REQUIREMENT: Where an entry contains an image, skip the image and print the rest exactly.

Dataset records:
+===+
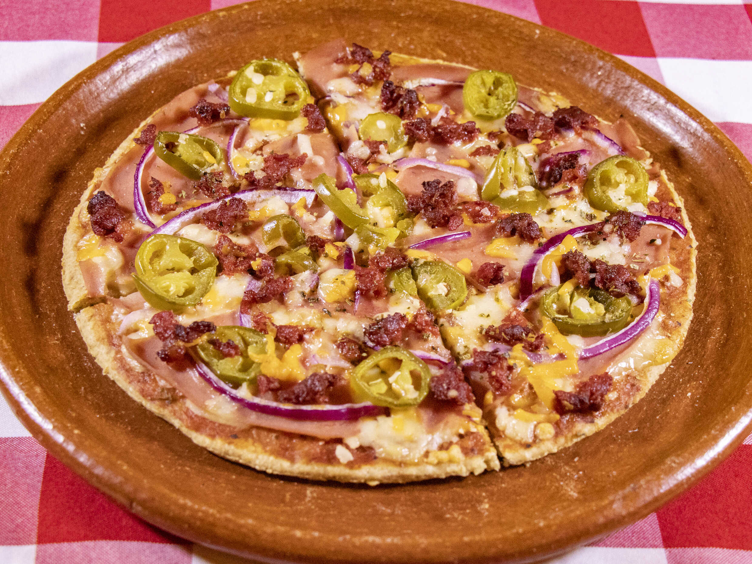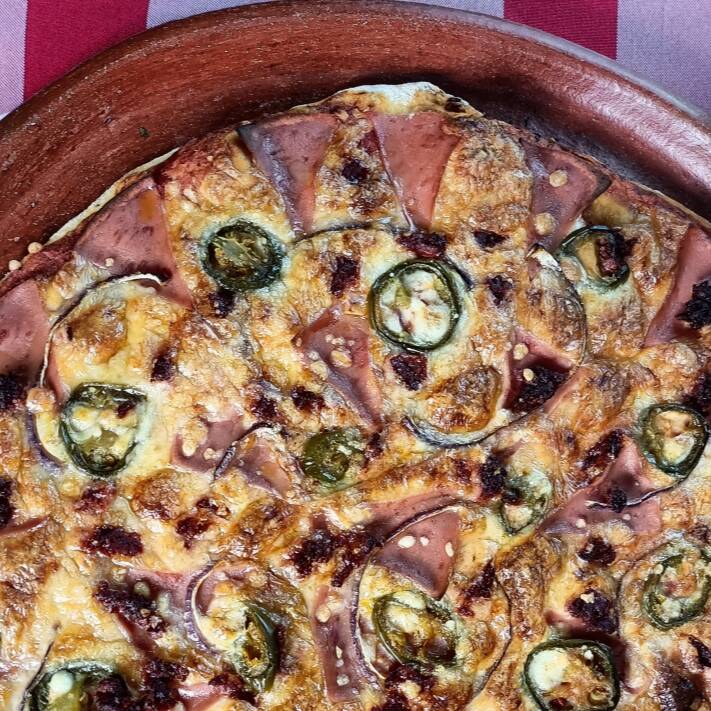 Base de avena con harina integral 23 cms aproximadamente, mezcla de quesos, salsa de tomate italiano, chorizo español, jamón, cebolla morada y chiles jalapeños.
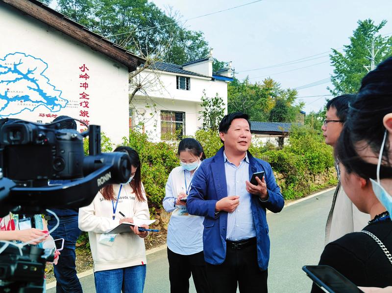 融媒体采访团记者在曾都区洛阳镇小岭冲村采访该村党支部书记甘宏伟。 (随州日报全媒记者徐斌摄)
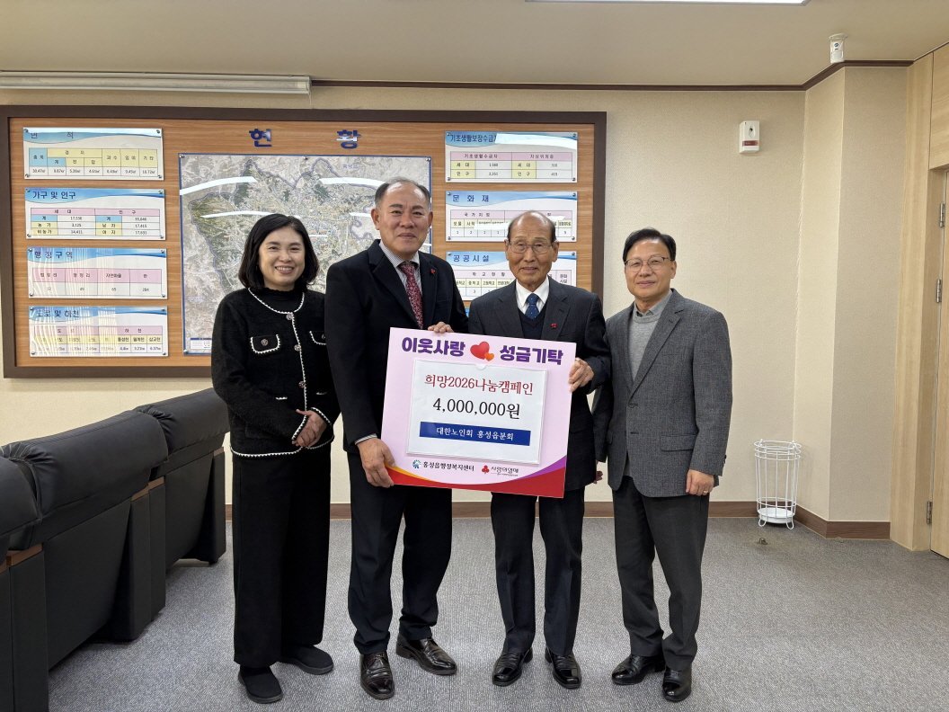 [충청뉴스큐] 대한노인회 홍성읍분회는 지난 17일 홍성읍 행정복지센터를 방문해 ‘희망2026 이웃돕기 성금’으로 400만 원을 기탁하며 지역사회에 따뜻한 나눔을 실천했다.
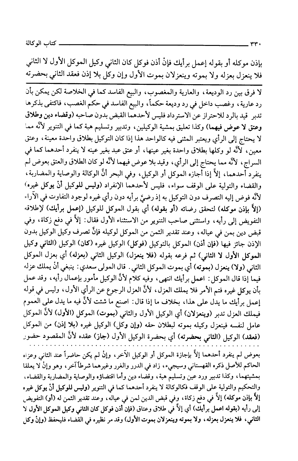 وفي البحر أن الوكالة والوصاية والمضاربة والقضاء والتولية على الوقف سواء فليس لأحدهما الانفراد
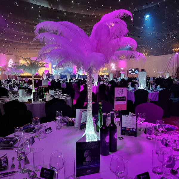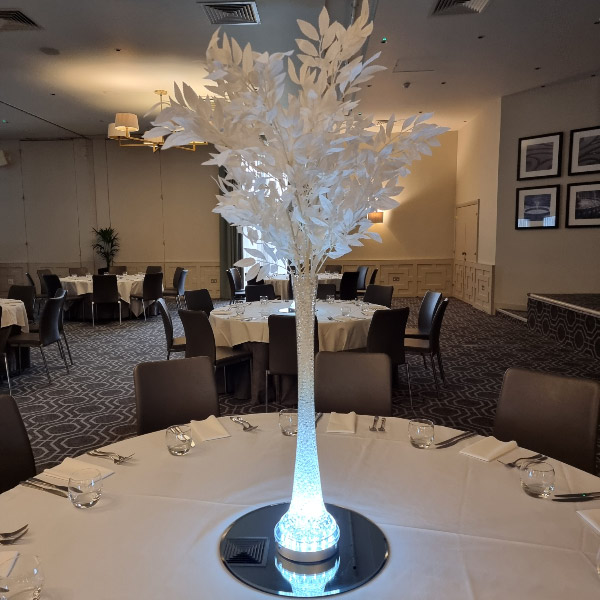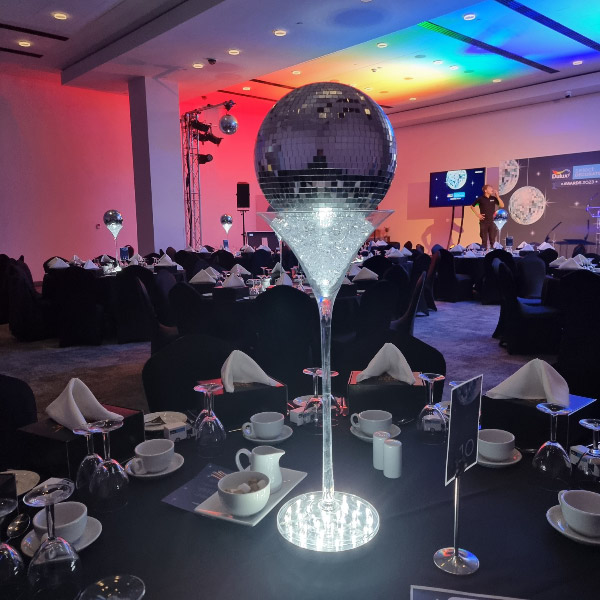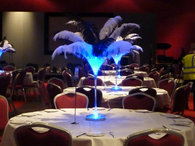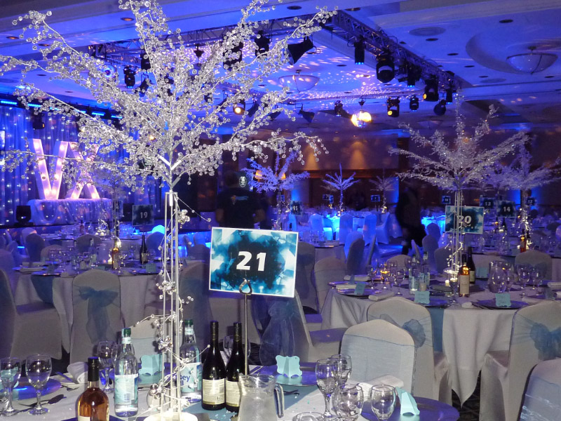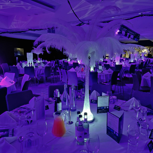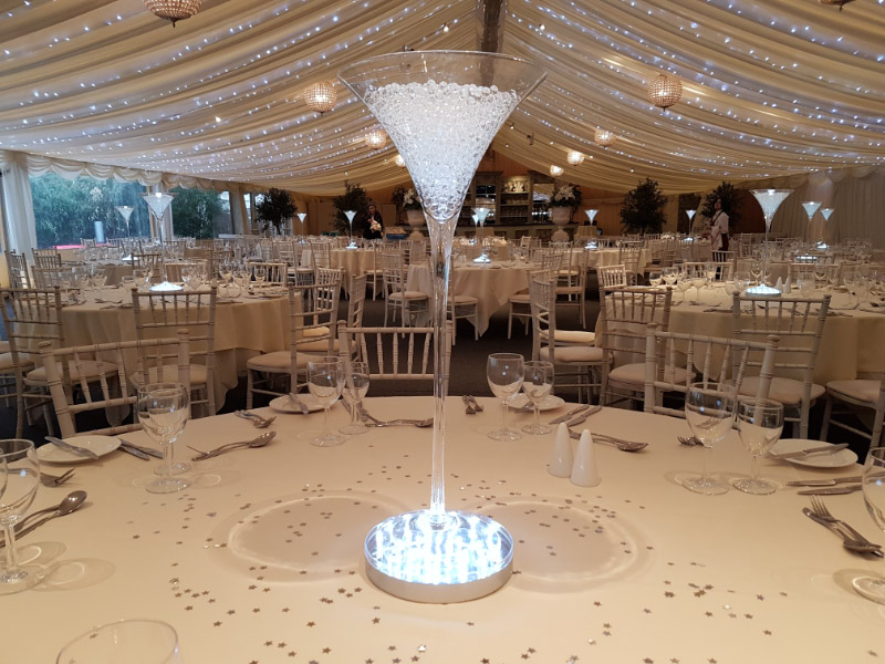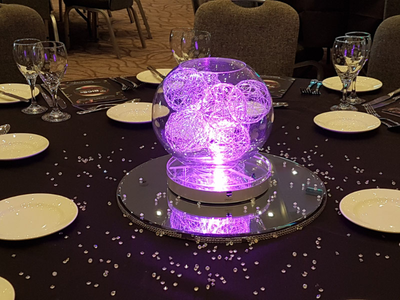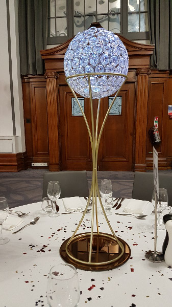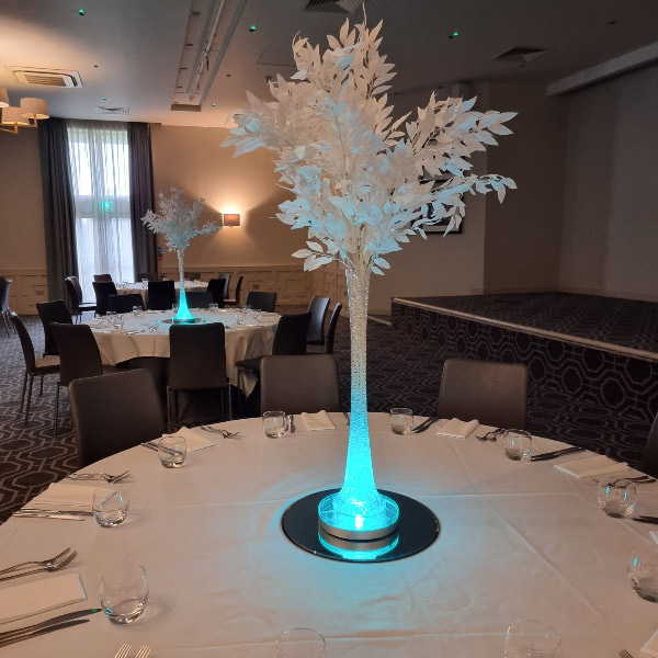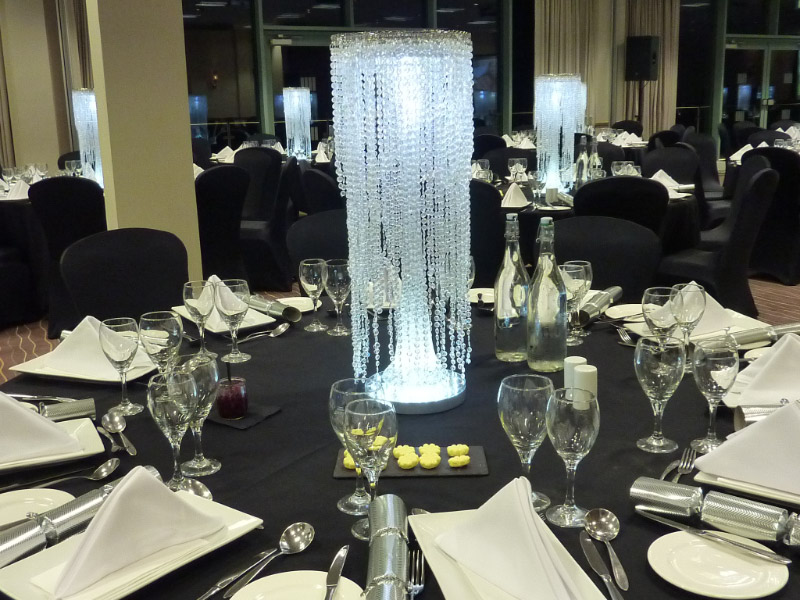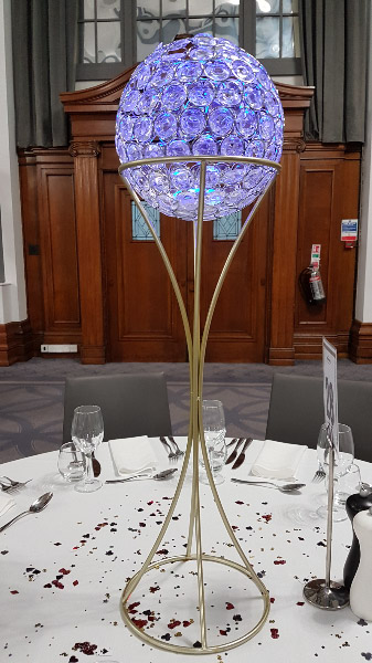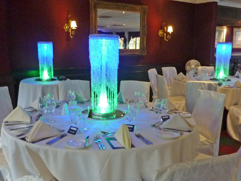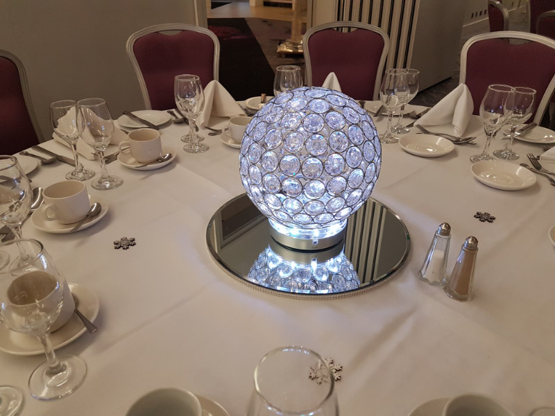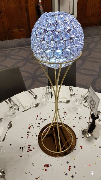 Choose from a range of tall centrepieces such as our crystal trees with uplighting, ostrich feather displays in lily vases or martini vases, mirrorball centrepieces, crystal table chandeliers and crystal candleabras. If you are looking for a lower table centrepiece then choose from our bubble bowls filled with silver wire balls which can then be illuminated in many different colours, crystal balls, moon balls, crystal cones and our star lamps.
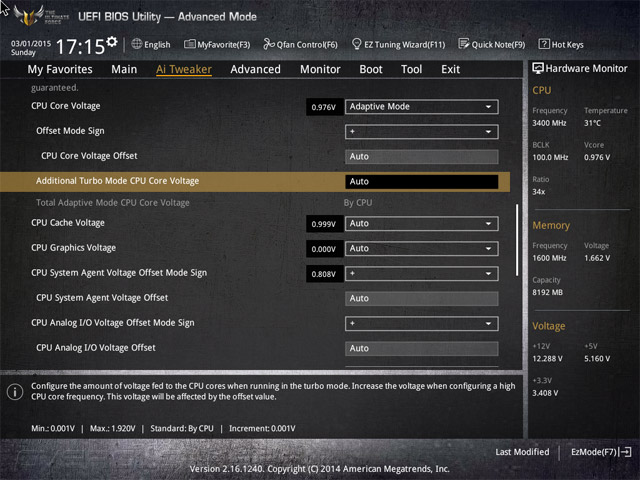 | DRAM Voltage (B) | 1,2–1,92 | 0,005 |
+===+
SOLUTION:
 Base de avena con harina integral 23 cms aproximadamente, mezcla de quesos, salsa de tomate italiano, chorizo español, jamón, cebolla morada y chiles jalapeños.
 融媒体采访团记者在曾都区洛阳镇小岭冲村采访该村党支部书记甘宏伟。 (随州日报全媒记者徐斌摄)
 [충청뉴스큐] 대한노인회 홍성읍분회는 지난 17일 홍성읍 행정복지센터를 방문해 ‘희망2026 이웃돕기 성금’으로 400만 원을 기탁하며 지역사회에 따뜻한 나눔을 실천했다.
 وفي البحر أن الوكالة والوصاية والمضاربة والقضاء والتولية على الوقف سواء فليس لأحدهما الانفراد
 Choose from a range of tall centrepieces such as our crystal trees with uplighting, ostrich feather displays in lily vases or martini vases, mirrorball centrepieces, crystal table chandeliers and crystal candleabras. If you are looking for a lower table centrepiece then choose from our bubble bowls filled with silver wire balls which can then be illuminated in many different colours, crystal balls, moon balls, crystal cones and our star lamps.
 | DRAM Voltage (B) | 1,2–1,92 | 0,005 |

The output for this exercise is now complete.